About Me

I am Associate Professor and Chair of the History Department at the University of Massachusetts-Dartmouth. I am also the Academic Director of the Clemente Course in the Humanities, in New Bedford MA. Author of "Social Security and the Middle Class Squeeze" (Praeger, 2005) and the forthcoming "Saul Alinsky the Dilemma of Race in the Post-War City" (University of Chicago Press), my teaching and scholarship focuses on American urban history, social policy, and politics. I am presently writing a book on home ownership in modern America, entitled "Castles Made of Sand? Home Ownership and the American Dream." I live in Providence RI, where I have served on the School Board since March 2015. All opinions posted here are my own.

Monday, June 25, 2012

Twiddling my thumbs while waiting for modern liberalism to die

Bloomburg news surveyed 21 top constitutional law professors about the impending Supreme Court decision on the Affordable Care Act.  19 of them said that if the court follows legal precedent, it (the individual mandate) will be upheld.


“The precedent makes this a very easy case,” said Christina Whitman, a University of Michigan law professor. “But the oral argument indicated that the more conservative justices are striving to find a way to strike down the mandate.”


Only 8 of the 21 legal scholars actually expect the mandate to be upheld, despite the clear direction of constitutional precedent.

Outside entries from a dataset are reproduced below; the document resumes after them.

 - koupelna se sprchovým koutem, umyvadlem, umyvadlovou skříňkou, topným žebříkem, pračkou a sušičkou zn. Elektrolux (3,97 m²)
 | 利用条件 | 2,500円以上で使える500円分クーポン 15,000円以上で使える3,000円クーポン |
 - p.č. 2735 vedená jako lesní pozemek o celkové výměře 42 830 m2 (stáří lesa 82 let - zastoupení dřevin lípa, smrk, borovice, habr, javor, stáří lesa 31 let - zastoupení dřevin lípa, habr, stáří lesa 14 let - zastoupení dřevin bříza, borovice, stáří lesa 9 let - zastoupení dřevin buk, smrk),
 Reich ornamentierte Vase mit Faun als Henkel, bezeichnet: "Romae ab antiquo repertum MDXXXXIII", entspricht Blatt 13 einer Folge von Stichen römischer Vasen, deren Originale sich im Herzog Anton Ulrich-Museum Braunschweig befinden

What does this tell us about the conservative majority on the Court?  And the old right-wing saw about liberal activist judges?

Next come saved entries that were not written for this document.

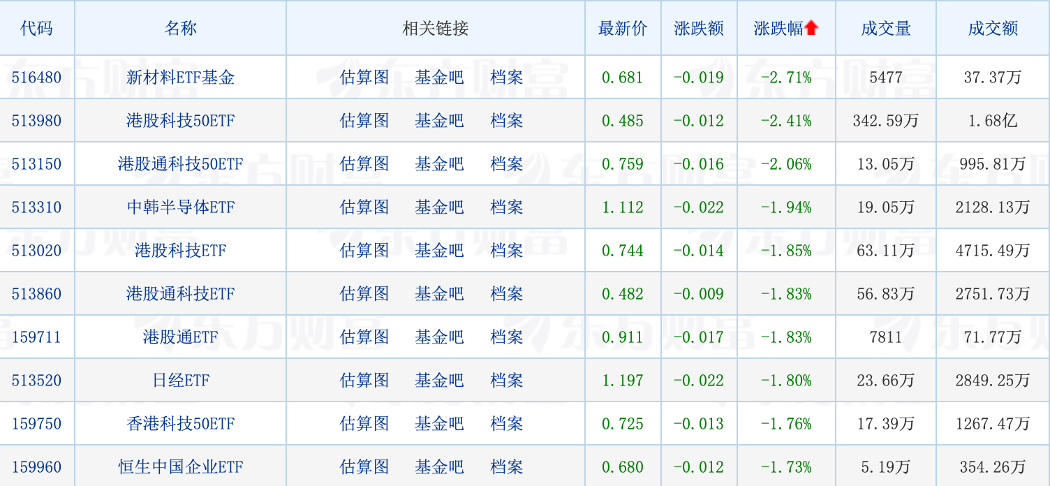 下跌方面,港股恒生科技指数回调明显,带动多只港股科技ETF走跌,最高下跌2.41%。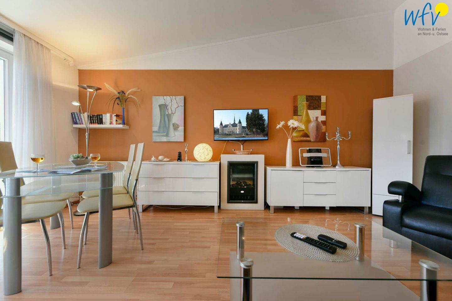 Eine moderne technische Ausstattung mit TV, Stereoanlage, DVD-Player und kostenlosem WLAN sowie ein Elektrokamin für gemütliche Abende bieten Ihnen hohen Wohnkomfort zum Wohlfühlen.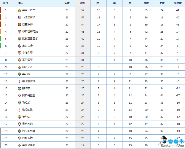 西甲第23轮积分榜(截止2.9)10人马竞0-2 皇马登顶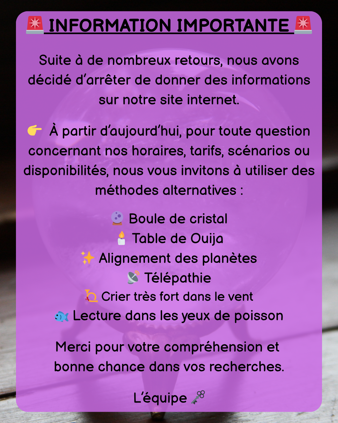 Tout retard entraînera une annulation de la session de jeu.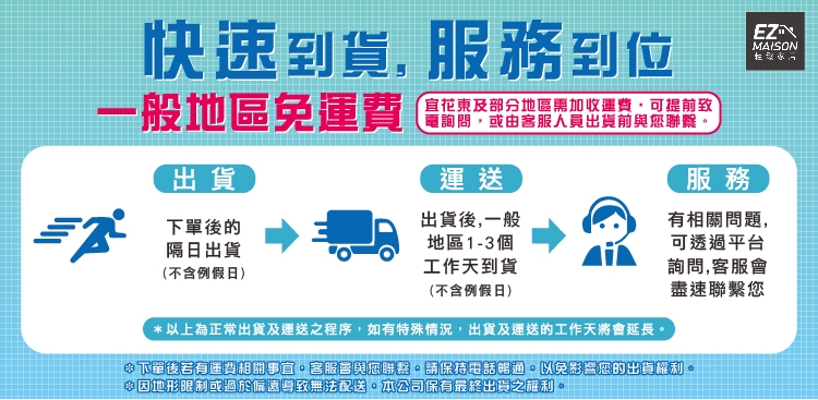 ※ 配送時間預計需要2-5個工作天(不含假日)。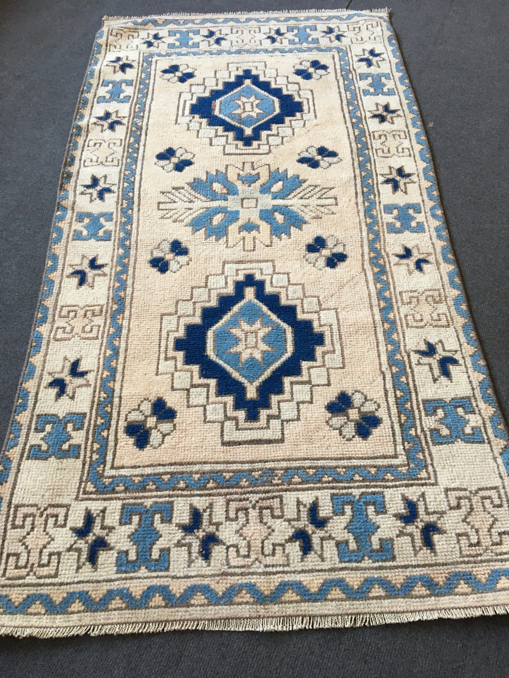 2.6x5.1 feet neutral wool rug, muted handmade living room rug, oushak large kitchen floor rug, turkish hallway area rug, vintage blue rug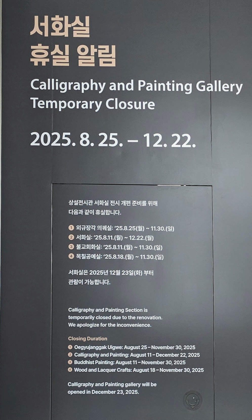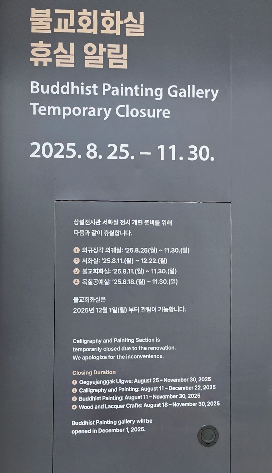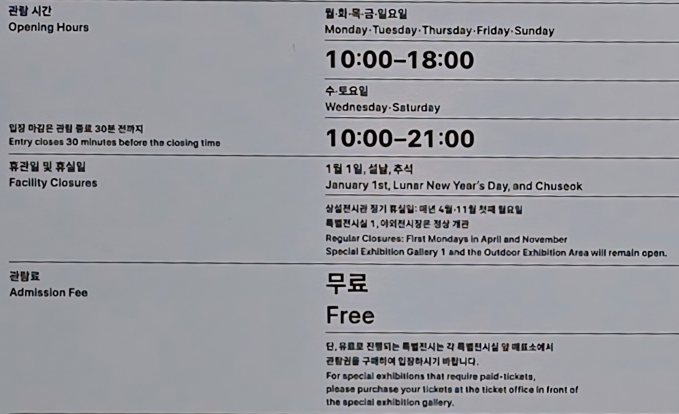 그리고 휴관일은 1월1일,설날,추석,국립중앙박물관장이 지정한 날,그리고 상설전시관 정기 휴실일(매년 4월,11월 첫째 월요일)에 휴관하는데 이는 박물관 사정에 의하여 변경될 수 있다.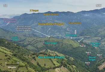 The Company's flagship project, Guayabales, is anchored by the Apollo system, which hosts the large-scale, bulk-tonnage and high-grade gold-silver-copper-tungsten Apollo system. The Company's objectives are to improve the overall grade of the Apollo  system by systematically drill testing newly modeled potentially  high-grade sub-zones, expand the newly discovered high-grade Ramp Zone  along strike and to depth and drill a series of greenfield generated  targets on the property.?

18 of the 21 agreed that if the individual mandate is overturned on a 5-4 vote, it will damage the credibility of the Court itself.  

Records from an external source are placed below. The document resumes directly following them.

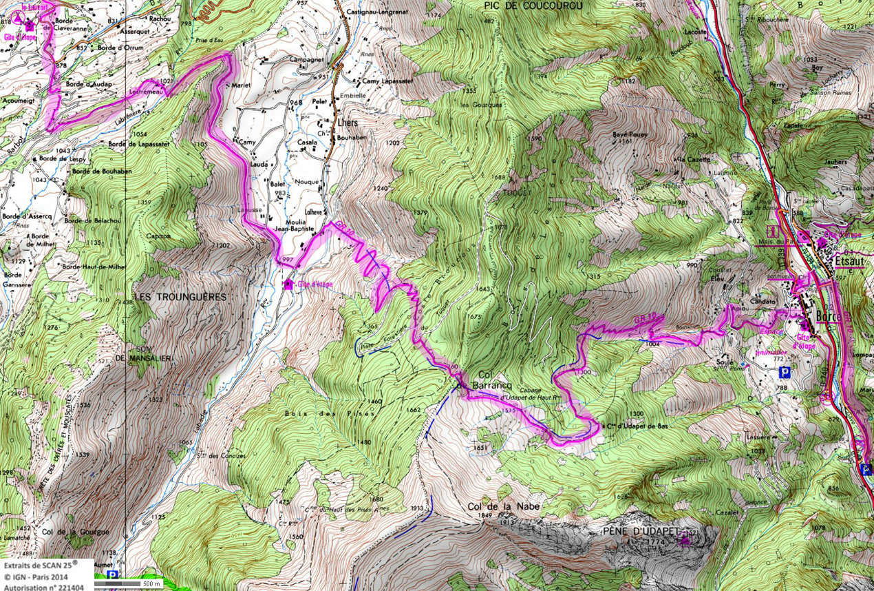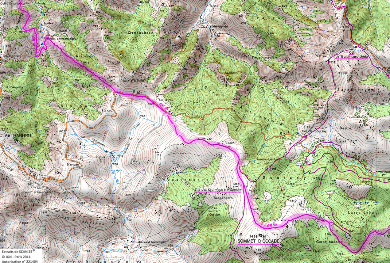 La montée se poursuit au sud, on traverse à gauche pour éviter le sommet d'Occabé. On redescend dans la prairie nord-est puis sud-est. On traverse les forêts pour rejoindre la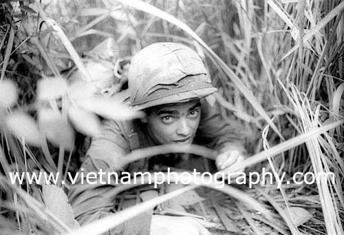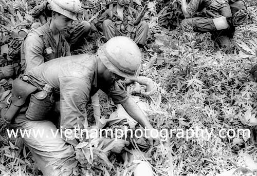| An exhausted trooper with B Co., 2nd Battalion, 5th Cavalry Regiment, 1st Cavalry Division, takes during an operation in the Central Highlands.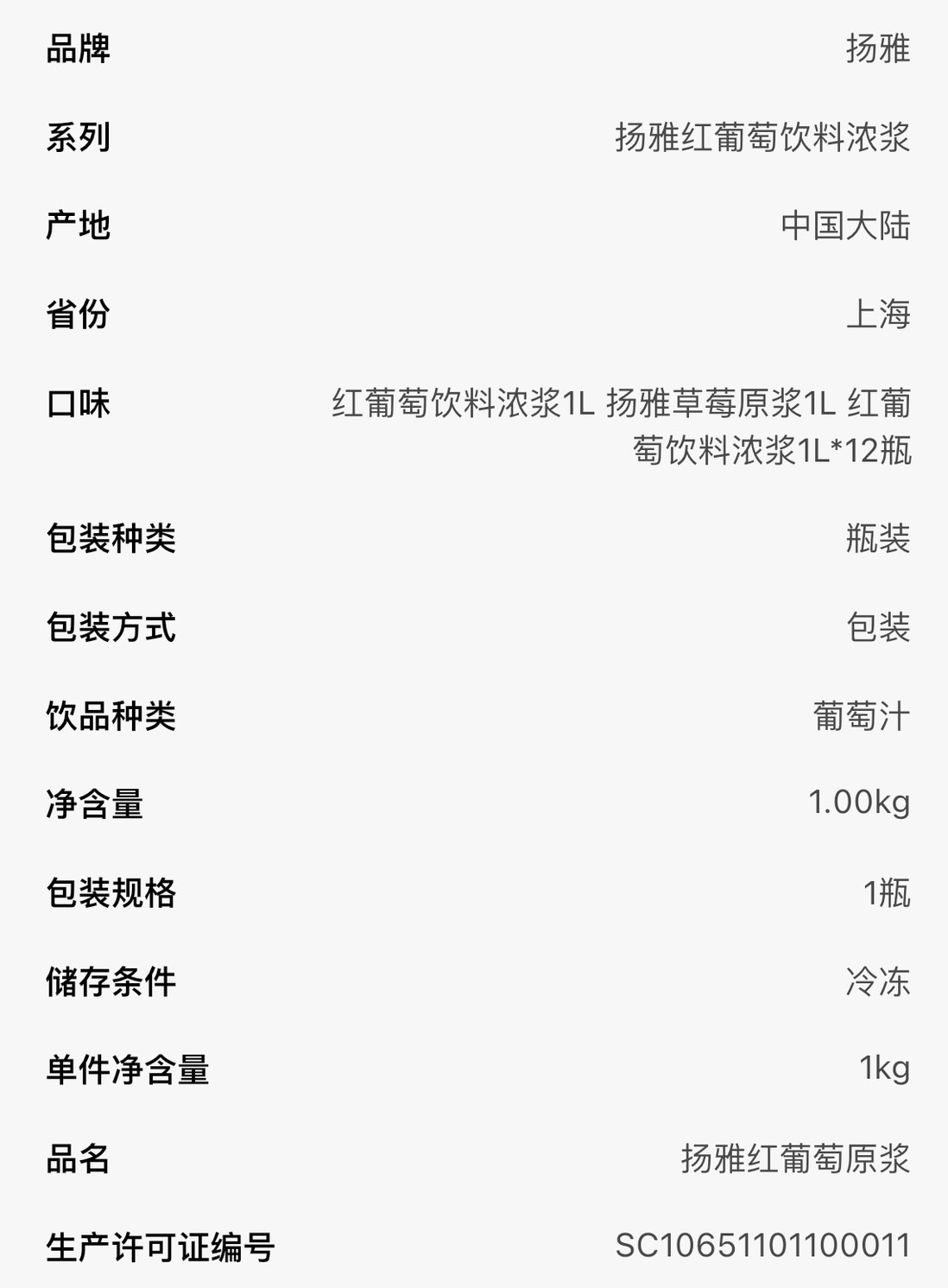 扬雅冷冻葡萄果汁原浆原榨红葡萄汁饮料多肉葡萄奶茶店专用果汁1L

“When you take the fact of a high-profile, enormously controversial and politically salient case -- to have it decided by the narrowest majority with a party-line split looks very bad, it looks like the court is simply an arm of one political party,” University of Chicago Law Professor Dennis Hutchinson said in an interview.


However, I'm not going to despair yet, at 9:23am on Monday June 25th (an announcement could come as soon as 10am).  Liberal constitutional lion Bruce Ackerman still believes that conservatives Roberts and Kennedy won't be able to pull the trigger:  “I continue to find it extremely unlikely that Justices Roberts and Kennedy will support a 5-4 decision that has such an insubstantial basis in 75 years of Supreme Court case law."


Ackerman, alas, was the only respondent who said the court is very likely to uphold the insurance-coverage requirement -- the opinion that was held by most legal observers across the ideological spectrum, until oral arguments.